SALWA RADIO - Menebar Salam, Menyebar Dakwah
Stay in touch with us:

Wajah Berminyak, Sahkan Wudhu'?


Akhwat
2 weeks ago on Ibadah

Assalamu'alaikum warahmatullahi wabarakatuh Terkadang ketika ana hendak berwudhu', wajah ana agak berminyak, dikarenakan kulit ana juga memang tipenya mudah berminyak. Jika ana berwudhu'dlm keadaan wajah ana yg berminyak tsb apakah wudhu' ana sah? Mengingat bahwa air tidak bisa meresapi minyak. Begitu pula terkadang telinga ana berminyak dan ana mengusap telinga ana. Apakah sah wudhu'ana ? Jazakallahu khairan
Redaksi salamdakwah.com
2 weeks ago

 

وعليكم السلام ورحمة الله وبركاته

 

Wallahu ta'ala a'lam sepengetahuan kami minyak yang diproduksi oleh wajah tidak sampai menghalangi air mengenai wajah karena dia tidak berubah dzat nya dan menjadi penghalang air mengenai wajah. Syaikh Utsaimin rahimahullah pernah ditanya tentang seorang wanita yang memakai minyak rambut di kepalanya lalu ia mengusap rambutnya dalam wudhu, apakah wudhunya itu sah ataukah tidak?

Beliau menjawab:
Sebelum menjawab pertanyaan ini, saya ingin menerangkan bahwa Allah Subhanahu wa Ta’ala telah berfirman dalam al-Qur'an, (Al-Maidah: 6)


 يا أَيُّهَا الَّذِينَ آمَنُوا إِذَا قُمْتُمْ إِلَى الصَّلاةِ فَاغْسِلُوا وُجُوهَكُمْ وَأَيْدِيَكُمْ إِلَى الْمَرَافِقِ وَامْسَحُوا بِرُؤُوسِكُمْ وَأَرْجُلَكُمْ إِلَى الْكَعْبَيْنِ


“wahai orang-orang yang beriman, apabila kaliah hendak mengerjakan shalat, maka basuhlah muka kalian dan tangan kalian hingga siku, dan sapulah kepala kalian dan (basuhlah) kaki kalian hingga kedua mata kaki.” 

Perintah untuk membasuh anggota wudhu dan mengusap bagian yang harus disapu (pada ayat ini) mengharuskan penghilangan sesuatu yang menghalangi mengalirnya air pada anggota wudhu.

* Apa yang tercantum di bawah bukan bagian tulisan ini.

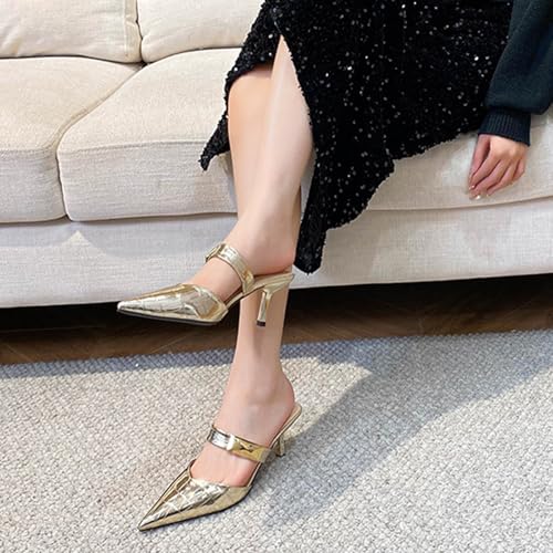 Sole material: RubberOuter material: LeatherClosure type: Pull-OnWater resistance level: Water ResistantElegant closed pointed toe: This women's high-heeled sandal adopts an exquisite closed pointed toe shape, which cleverly elongates the leg line, showing the feminine and elegant temperament. It can be easily worn in both formal occasions and fashionable parties.Convenient slip-on style: The unique slip-on design does not require complicated lacing, and can be easily put on with one slip, which not only saves time but also adds a bit of casualness and freedom. It is an ideal choice for busy urban women.Fashion single-strap slingback design: The upper adopts a simple but fashionable single-strap slingback design, which not only stabilizes the foot but also shows a light and agile beauty, adding a highlight to the overall shape, suitable for various formal and semi-formal occasions.Stable stiletto heel: The 2.56-inch heel not only increases the height and makes the steps more graceful, but also ensures stability and comfort when walking, making you confident at parties or weddings.Wedding Party Pumps: This high-heeled sandal is a classic gold yet chic design that is perfect for weddings, formal dinners, business gatherings and other occasions. It is an indispensable fashion item in every woman's shoe cabinet. Perfect for everyday use. first-class materials and excellent craftsmanship ensure long-lasting durability.

Sebab bila ada sesuatu yang dapat menghalangi mengalirnya air pada anggota wudhu, maka orang itu belum membasuh atau mengusap bagian itu.

Berdasarkan hal itu kami katakan, Sesungguhnya jika seseorang menggunakan minyak pada anggota wudhunya, bisa jadi minyak itu akan menjadi beku hingga menjadi suatu benda padat, maka pada saat itu wajib baginya untuk menghilangkan benda padat itu sebelum ia membersihkan anggota wudhunya. Sebab jika minyak itu telah berubah menjadi beku sedemikian rupa maka hal itu akan menghalangi air untuk sampai pada kulit anggota wudhu, dan kala itu wudhunya dianggap tidak sah. 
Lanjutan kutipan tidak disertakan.